On the other hand, I'd obviously got him thinking because, after a brief period of silence, I saw his Adam's apple work up and down a few times and then he said,
"People who go on and on about things that have already happened are the ones no-one wants to sit next to on the bus." He obviously saw me looking at him and added, "That's the last thing she said to me."

"That's actually quite deep," I pointed out, my own throat muscles starting to contract as I felt tears building.

He did smile then, even if it was twisted.

"The
second
last thing she said to me was 'if you'd inherited your grandpa's penis, like I hoped you would, Rox would never have forgotten what you did with it'."

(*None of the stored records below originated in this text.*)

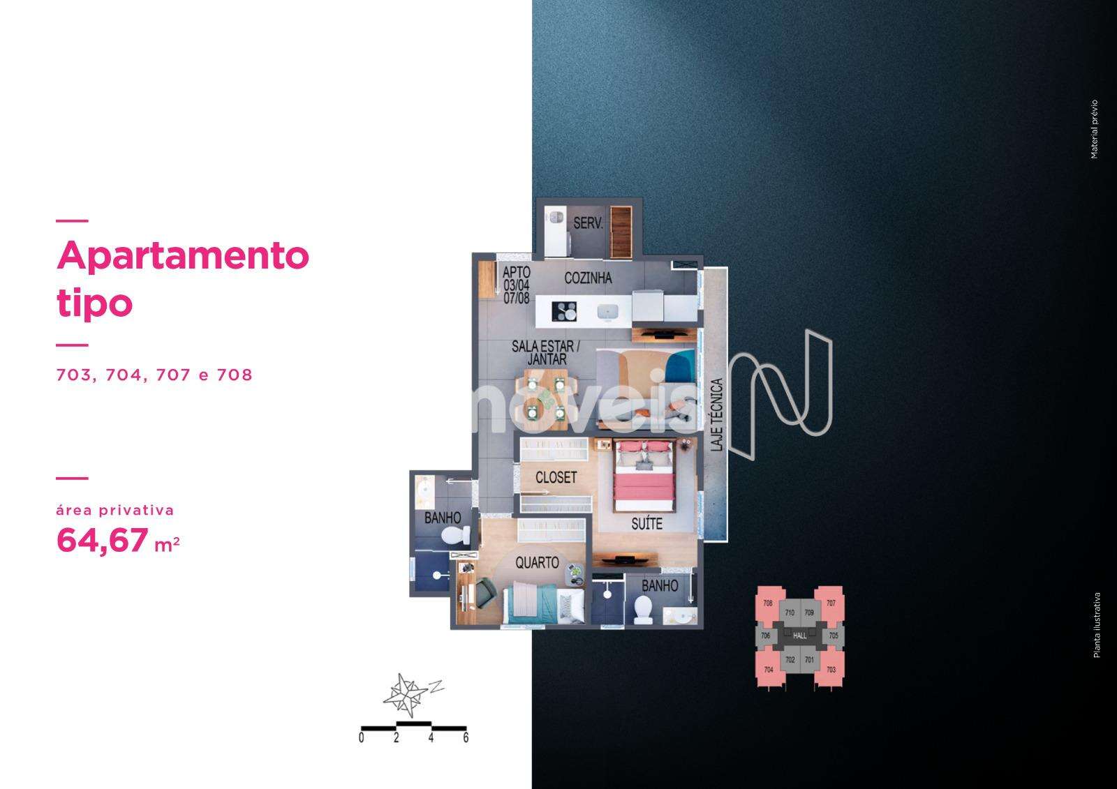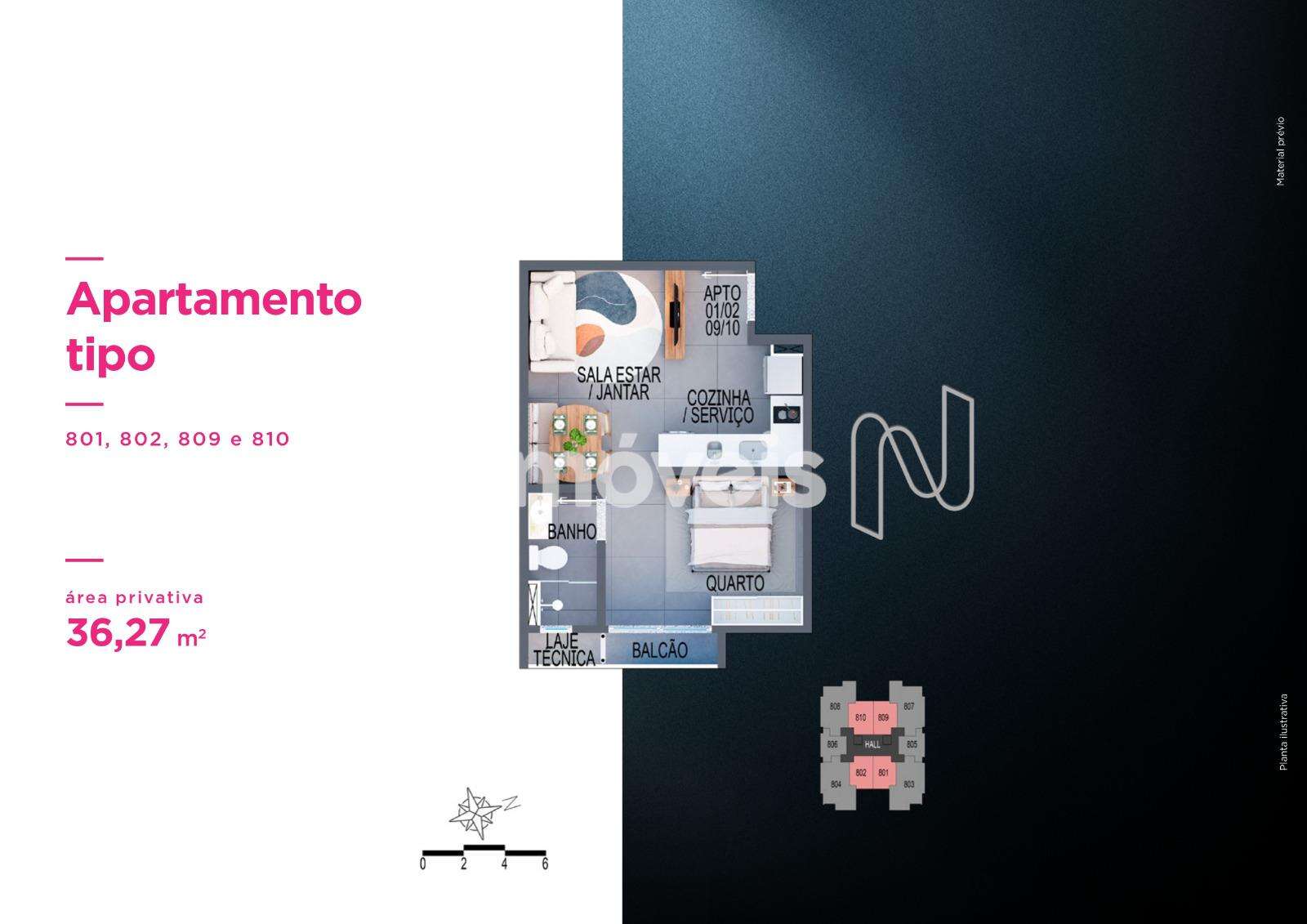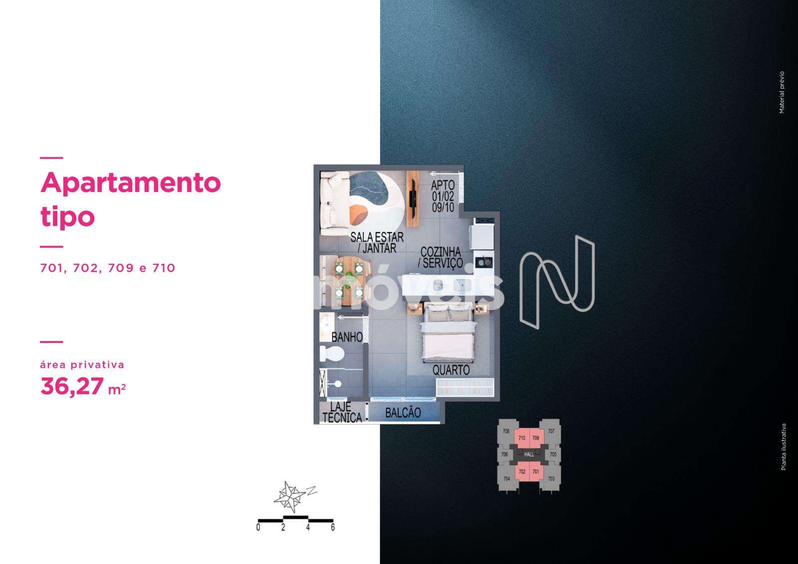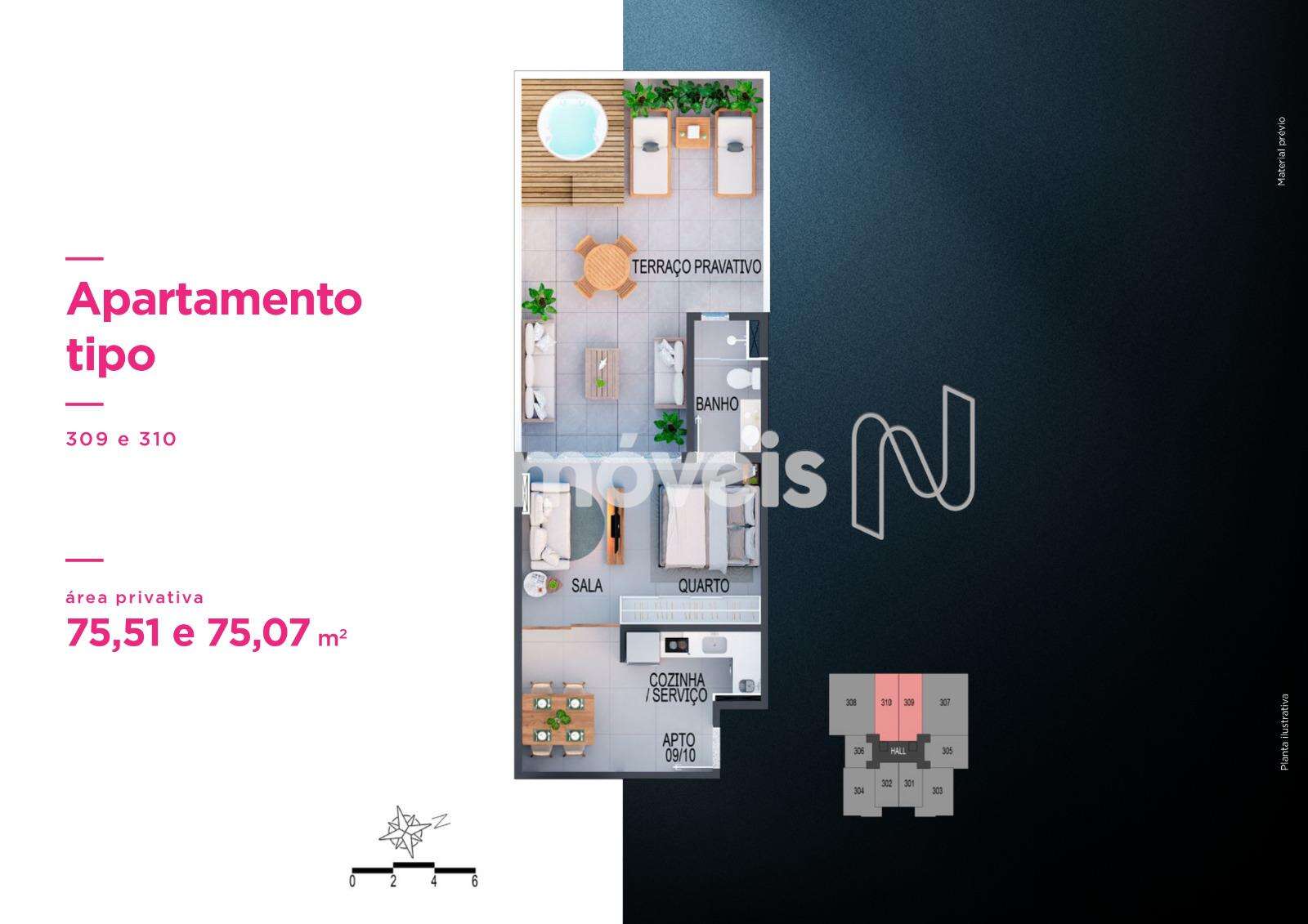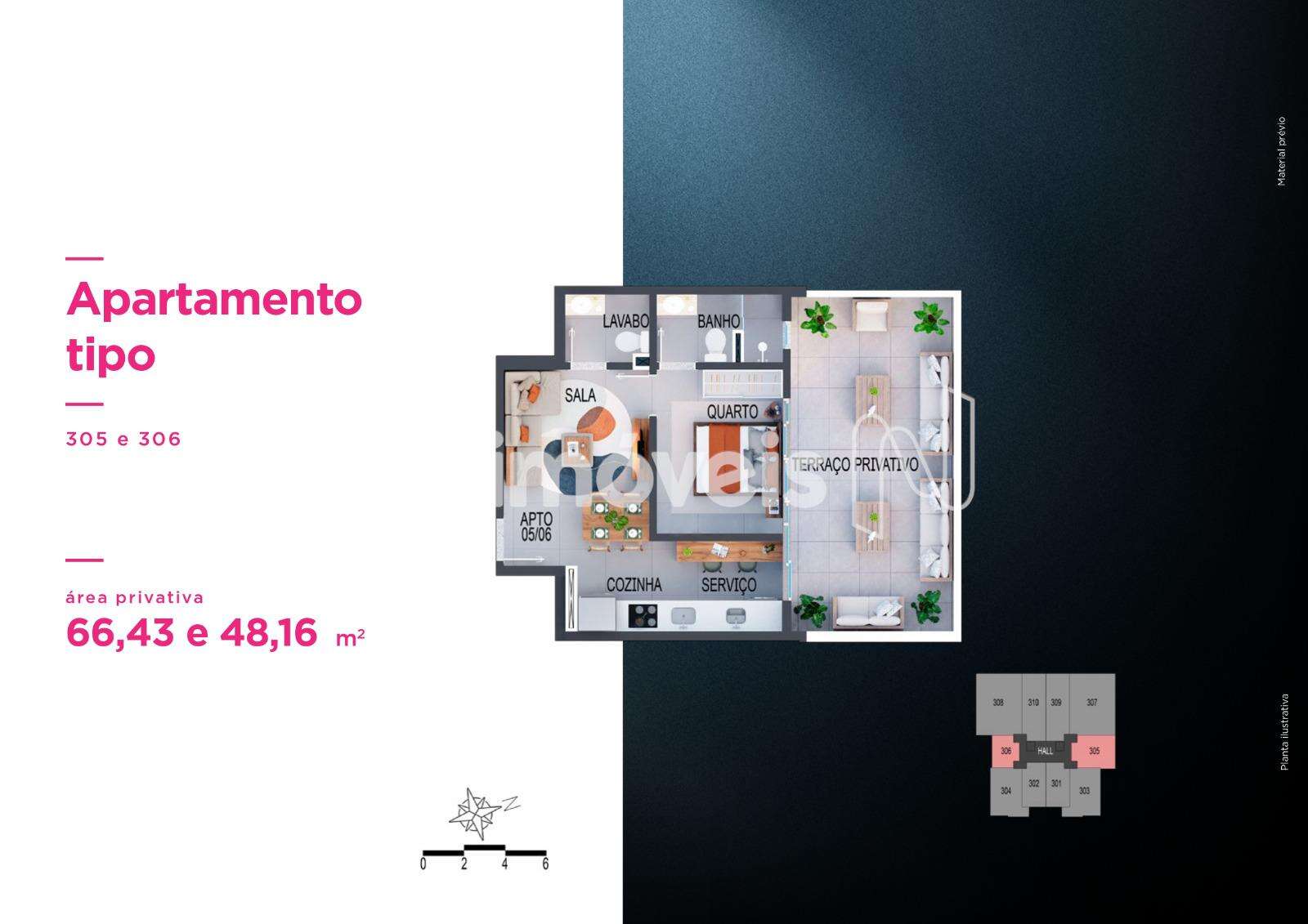 Apto de 1 ou 2 qts de 31 a 102m2, 66 unidades residenciais, lazer diferenciado no Rooftop, 11 pavimentos, 10 unidades por pavimento tipo, 4 unidades duplex e 2 coberturas lineares, 2 elevadores sociais
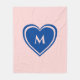 Trendy gelbe und graue Herzklopfe Valentinstag Tagesdecke mit rosa und blauem Herz auf rosa Hintergrund. Fügen Sie Ihr Monogramm hinzu oder löschen Sie es. Niedliches und bezauberndes Valentiner Tagesgeschenk.
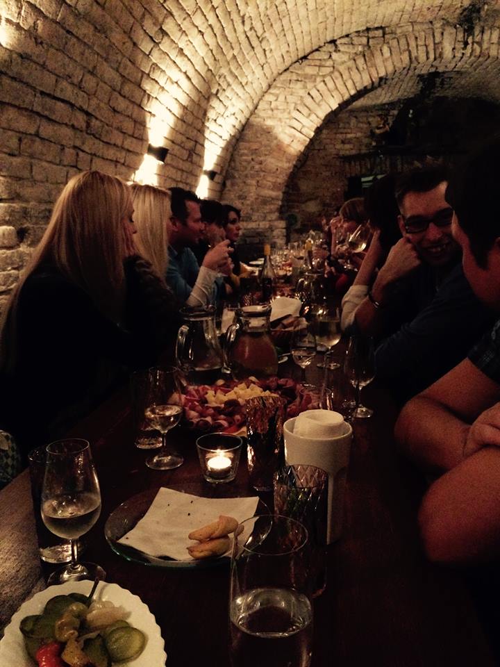 After the goulash fest we went back to our room and I read for a bit and slept for like five minutes (we didn’t have that much time) and then we headed to the wine cellar (we got to the cellar a little before six). There we had seven wine tastings and then we went to a different part of the cellar where we could sit and eat and drink. It was a really nice place and a great evening.
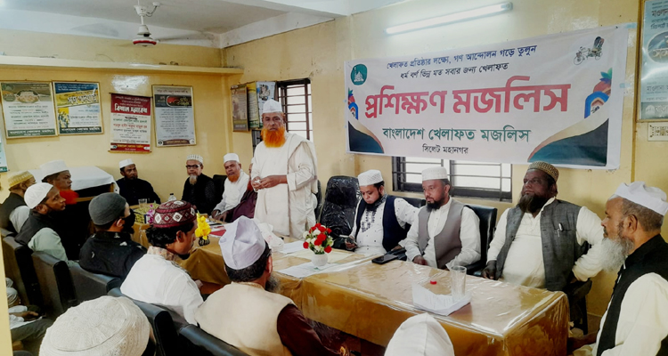 বাংলাদেশ খেলাফত সিলেট মহানগর শাখার উদ্যোগে সোমবার (২৪ নভেম্বর) দিনব্যাপী প্রশিক্ষণ মজলিস লালদিঘীরপাড়স্থ কার্যালয়ে শাখা সভাপতি আলহাজ্ব মাওলানা এমরান আলমের সভাপতিত্বে ও সাধারণ সম্পাদক মুহাম্মদ আব্দুল গাফফার এবং প্রশিক্ষণ সম্পাদক মুফতি আব্দুস সালামের পরিচালনায় অনুষ্ঠিত হয়।
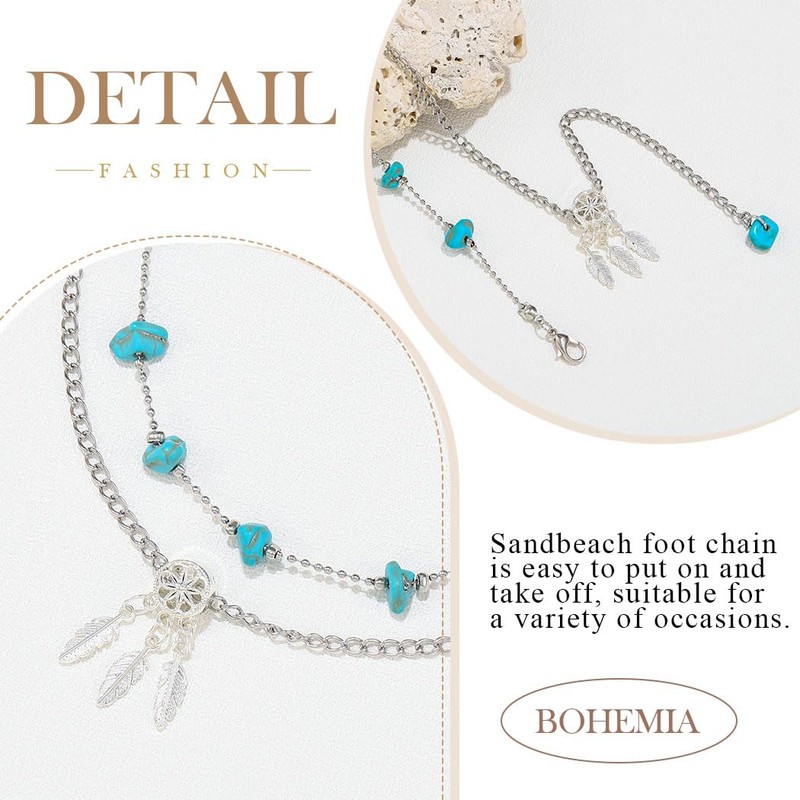 Jovono Boho Turquoise Silver Layered Dreamcatcher Anklet Beach Adjustable Anklet Jewelry for Women Girls
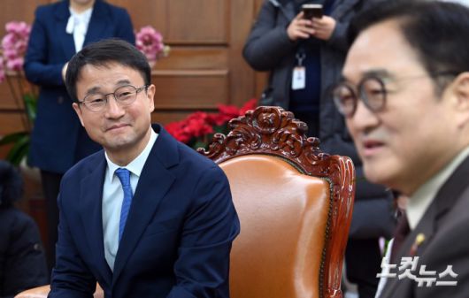더불어민주당 한병도 신임 원내대표가 12일 서울 여의도 국회에서 우원식 국회의장을 예방하고 있다.
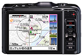 11月26日発売の「EX-H20G」は、GPS機能とモーションセンサーによる自律測位を組み合わせた機能「ハイブリッドGPS」を搭載し、屋外だけでなく屋内での位置情報の測位を実現。日付や時刻、地名などの位置情報付きの写真を撮影することができる。モニタに表示する地図上には、自分の居場所や撮影した写真・動画を表示できる。
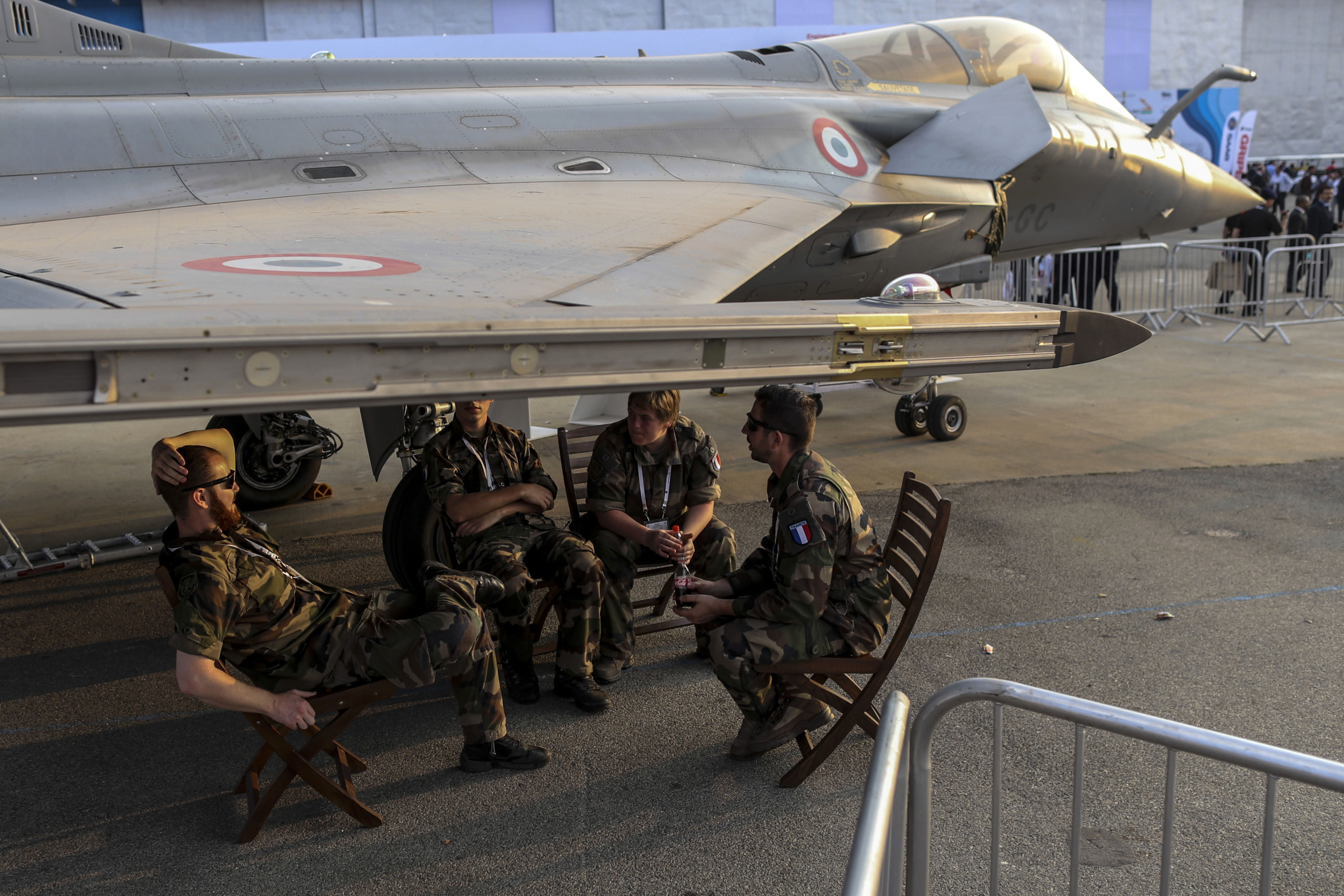Members of the French Air Force sit beneath the wing of a Rafale fighterjet, manufactured by Dassault Aviation SA, during the Aero India air show at Air Force Station Yelahanka in Bengaluru, India. (Photographer: Dhiraj Singh/Bloomberg)
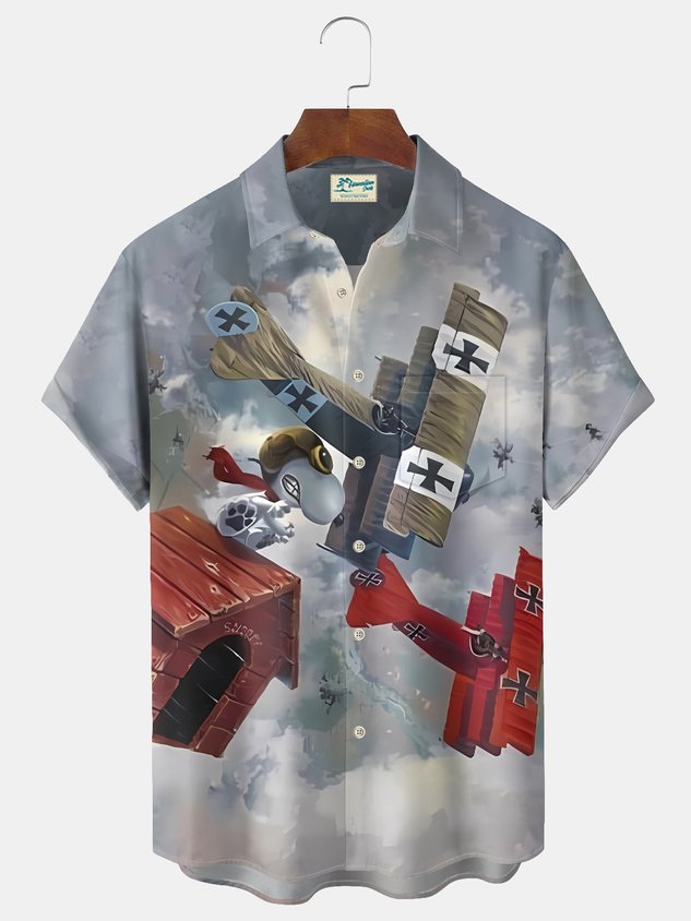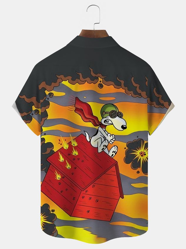 Royaura® Cartoon Print Men's Button Pocket Short-Sleeve Shirt Big & Tall
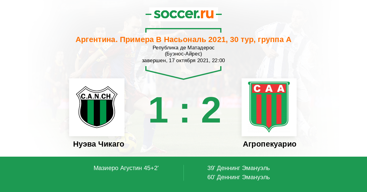 Протокол матча Нуэва Чикаго против Агропекуарио

That surprised a strange, bubbly little laugh out of me.

So that had been the last she'd imparted to us? Two completely inappropriate comments about each other?

"She was trying to set us up." I spoke my realisation out loud, but it didn't seem to be anything new to Elliot, who just nodded his head wearily.

I could see he was starting to suffer that bone deep fatigue that comes after an explosion of feeling and, in deference to this, I didn't say any more. Instead, I leant my head back and closed my eyes, giving him the time he needed to pull himself back together.